* [What this task involves]:
The listing below has to be output exactly as given, less its pictures.

* [Source data]:
=-=-=

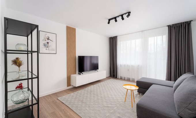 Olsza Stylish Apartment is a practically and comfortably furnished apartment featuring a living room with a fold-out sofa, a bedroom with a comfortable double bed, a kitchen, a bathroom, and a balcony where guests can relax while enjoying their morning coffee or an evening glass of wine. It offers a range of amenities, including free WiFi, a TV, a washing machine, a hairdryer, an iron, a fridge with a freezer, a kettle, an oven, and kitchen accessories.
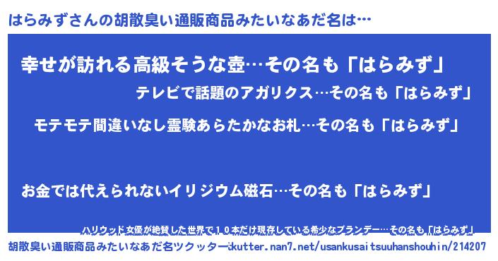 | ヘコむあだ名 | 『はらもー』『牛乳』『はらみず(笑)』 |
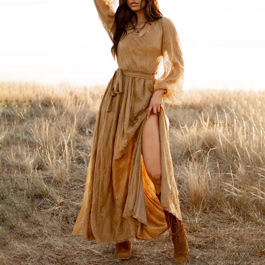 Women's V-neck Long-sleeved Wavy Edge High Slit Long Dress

=-=-=

* [Answer for this exercise]:
 Olsza Stylish Apartment is a practically and comfortably furnished apartment featuring a living room with a fold-out sofa, a bedroom with a comfortable double bed, a kitchen, a bathroom, and a balcony where guests can relax while enjoying their morning coffee or an evening glass of wine. It offers a range of amenities, including free WiFi, a TV, a washing machine, a hairdryer, an iron, a fridge with a freezer, a kettle, an oven, and kitchen accessories.
 | ヘコむあだ名 | 『はらもー』『牛乳』『はらみず(笑)』 |
 Women's V-neck Long-sleeved Wavy Edge High Slit Long Dress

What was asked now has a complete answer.